The Morph Project’s initial goal was to create a learning chess program and later to spawn off two other projects directed at general game learning, Morph II and Morph III. Levinson, head of the Morph Project, makes note, as Gherrity had, that most of the games that can be applied also have an implied perfect public knowledge available to both players. While SAL focused primarily on two player games, Morph is extendable to an infinite number of players, or agents as Levinson calls them, or just as few as single player games like Towers of Hanoi, Nim and Magic Squares puzzles.

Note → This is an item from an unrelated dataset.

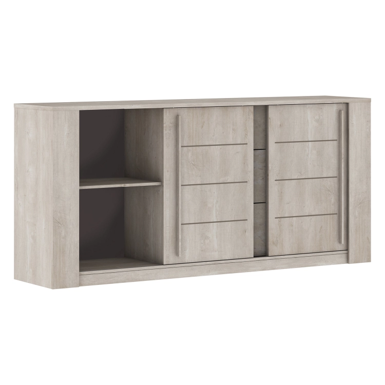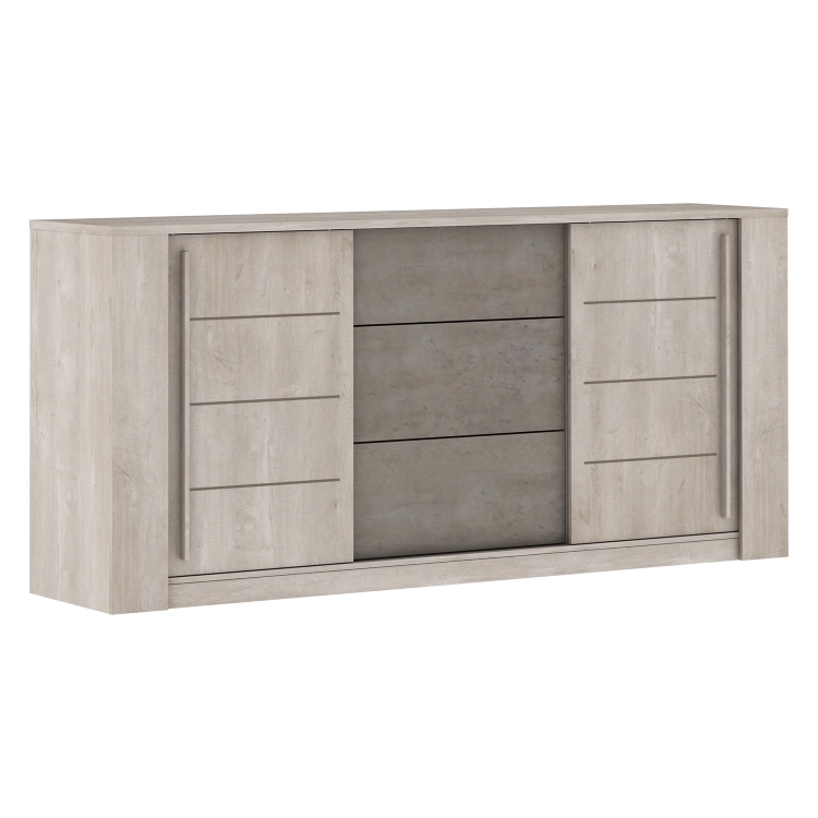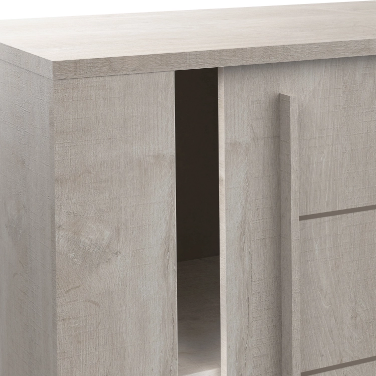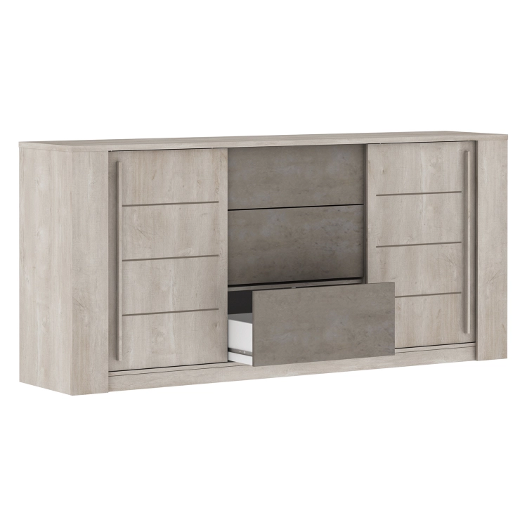 barevné provedení dub Champagne / béžový beton 2 posuvné dveře, za každými 1 variabilní police 3 zásuvky s kovovými pojezdy

Morph is an application of Adaptive-Predictive Search (or APS) methods that search with "experience" [4]. As noted by Levinson, a typical game state in Morph can be evaluated on average with up to fifty other sub-patterns, keeping in mind that this particular part of the project only applied to chess [4]. Morph is an attempt at an informed learner, which is given simple, domain-independent heuristics, an abstract mathematical definition of the state space and experience [4]. Morph learns by creating a database of patterns and applying weights to them using "temporal differences, simulated annealing, a genetic algorithm-like method and generalization and specialization of patterns and explanation-based generalization" [5]. The database is initially empty and knowledge is stored as pattern-weighted pairs. Evaluations are made upon a state in relation to the most specific stored patterns that apply to that state using their weights to calculate a new value. In addition to the weight value of a state, any other important data can be stored in the database allowing us to derive additional information in calculating the value of a state. After weights have been calculated and a database is formed, Morph utilizes a one-ply search to find the best move.

Once Morph was implemented, ideas for expanding the pattern searching to other games became simple. Morph II was the result and had significant findings in relation to the graph theories and games. The primary find was that the existence of a sub-graph of a larger graph representing the current state carried predictive value over the outcome of the game. There is a certain potential in this to create another relational operator to apply to this value to find a relationship with the goals of the game. This information cannot be obtained out of a direct relation to a particular sub-graph, however, and can only be obtained statistically through experience. Morph II uses a scheme that allows for incremental updates to the database and combines scores of patterns hierarchically rather than globally as its predecessor does. Morph II is also distinguished by the fact that it makes use of "blind learning" [4]. Blind learning is a type of learning implementation that provides the system with no definition of the state-space or pre-supplied heuristics, only the rewards and legal states to choose from at each point.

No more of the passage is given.